_Problem description:_ Write the lines out again, from the top of the material to the line containing "Dámský lehký kabát", pictures excluded.

_Data extract:_
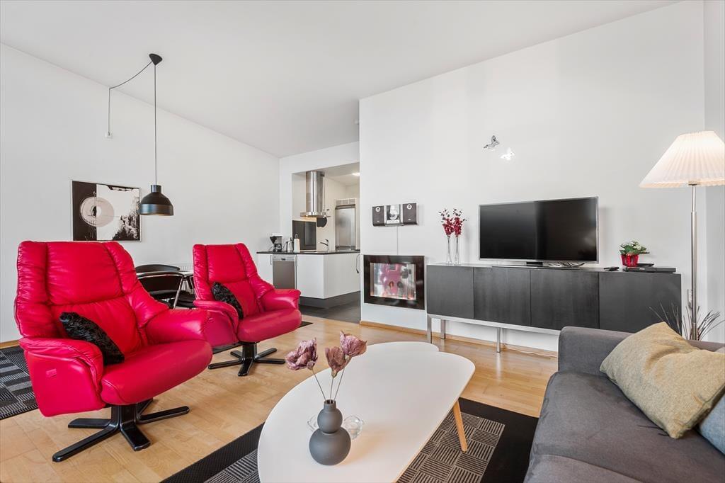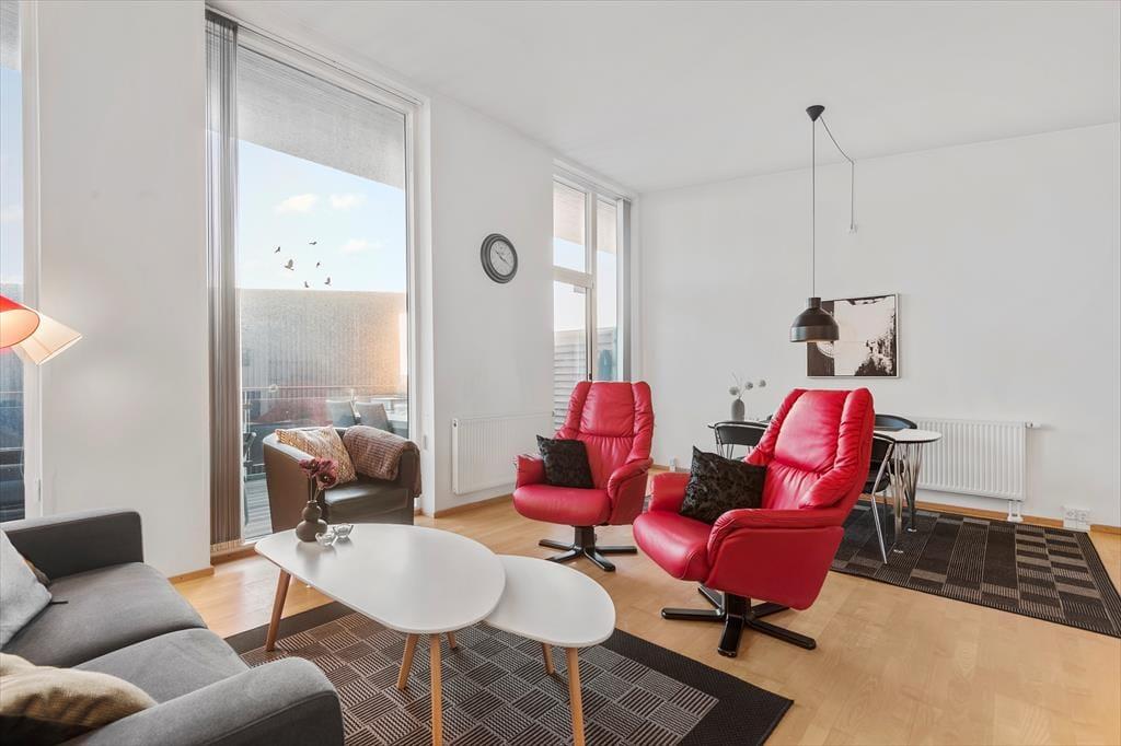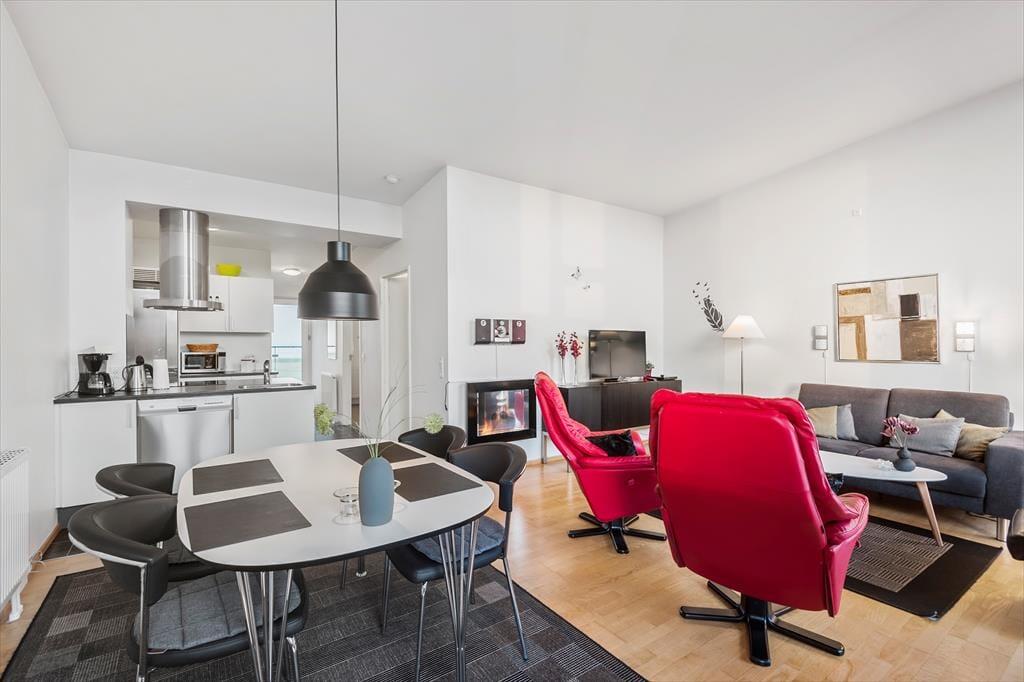 I ferieboligen, der nærmere bestemt ligger øverst oppe i det flotte lejlighedskompleks Skansen, kan I brede jer på 62 m². Inden døre er indretningen helt i top – også i det store opholdsrum med integreret køkkenafdeling. Foruden et veludstyret køkken er rummet smagfuldt indrettet med spisebord, fladskærms-tv, biopejs og bløde siddemøbler, inklusiv en sovesofa til to personer. Planløsningen byder desuden på et soveværelse med dobbeltseng, hvor man kan ligge i sengen og kigge på morgensolen, samt et rummeligt badeværelse med bruseniche. Entréen er også udstyret med vaskemaskine og tørretumbler og opvarmes samtidig med fjernvarme. Kort sagt, alt hvad I skal bruge for at få en komfortabel og hyggelig ferie!
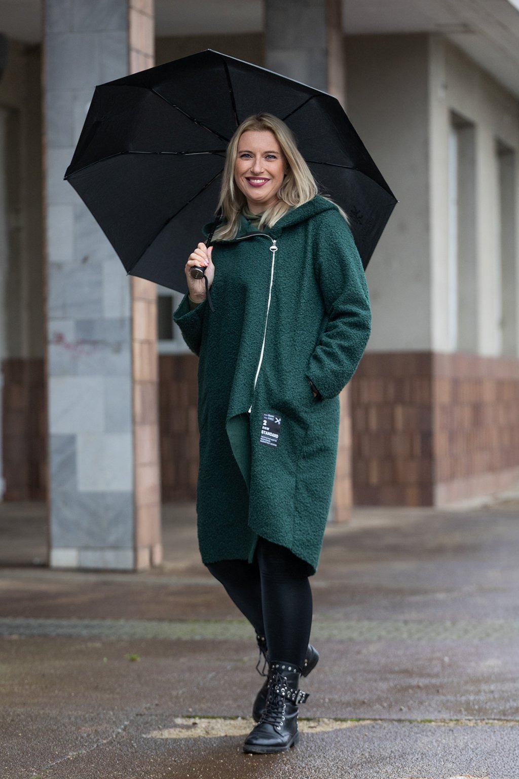 Dámský lehký kabát GRETA se pyšní úžasně pohodlným a originálním materiálem, který na pohled nápadně připomíná jemnou ovčí vlnu. Zip je umístěný na straně a lehce šikmo, což kousku jen přidává šmrnc. Spodní díl je krásně vykrojený a po bocích můžeme najít kapsičky střižené do kulata. Kabátek má u krku samozřejmě kapuci, která tě ochrání před nepřízní počasí. Greta je ideální přechodový kousek, když se mírně ochladí. Kabát nejlépe sedne ženám s postavou XL-3XL. Můžeš si u nás vybrat z několika skvělých barev tu svou oblíbenou.
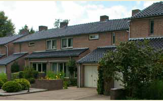 In 1978 kochten de DOCHTERS DER LIEFDE vier nieuwe, tweeaantwee geschakelde woningen, met de achterzijden naar elkaar toegekeerd. Ze delen een binnentuin en enkele gemeenschappelijke ruimten. De huizen in deze wijk zijn ontworpen door architect Th. van den Acker uit Deurne. Er wonen en werken op dit moment elf zusters, van wie sommigen afkomstig zijn van het opgeheven huis in Baak. Ze zetten zich in voor kinderopvang, gaven naailessen aan buitenlandse vrouwen en hadden een opvanghuis. Ze noemen de huizenrij geen klooster, al heeft het kerkrechtelijk wel die status. Het tweelaagse, bakstenen huizenblok valt op door twee naar voren komende garages en een gezamenlijke erker. Pannen zadeldaken op de woningen en lessenaarsdaken op de uitbouwen. De eenvoudige raamindeling en een ommuurd voortuintje zijn kenmerkend voor de gehele wijk. De foto toont het huis aan de Tweede Hervendreef. | 493 |
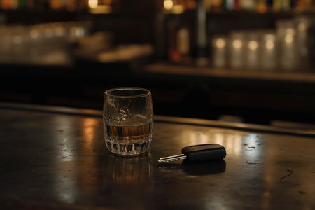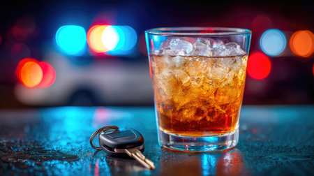 Glass of Whiskey with Car Keys and Police Lights Bokeh Background

_Your solution:_
 I ferieboligen, der nærmere bestemt ligger øverst oppe i det flotte lejlighedskompleks Skansen, kan I brede jer på 62 m². Inden døre er indretningen helt i top – også i det store opholdsrum med integreret køkkenafdeling. Foruden et veludstyret køkken er rummet smagfuldt indrettet med spisebord, fladskærms-tv, biopejs og bløde siddemøbler, inklusiv en sovesofa til to personer. Planløsningen byder desuden på et soveværelse med dobbeltseng, hvor man kan ligge i sengen og kigge på morgensolen, samt et rummeligt badeværelse med bruseniche. Entréen er også udstyret med vaskemaskine og tørretumbler og opvarmes samtidig med fjernvarme. Kort sagt, alt hvad I skal bruge for at få en komfortabel og hyggelig ferie!
 Dámský lehký kabát GRETA se pyšní úžasně pohodlným a originálním materiálem, který na pohled nápadně připomíná jemnou ovčí vlnu. Zip je umístěný na straně a lehce šikmo, což kousku jen přidává šmrnc. Spodní díl je krásně vykrojený a po bocích můžeme najít kapsičky střižené do kulata. Kabátek má u krku samozřejmě kapuci, která tě ochrání před nepřízní počasí. Greta je ideální přechodový kousek, když se mírně ochladí. Kabát nejlépe sedne ženám s postavou XL-3XL. Můžeš si u nás vybrat z několika skvělých barev tu svou oblíbenou.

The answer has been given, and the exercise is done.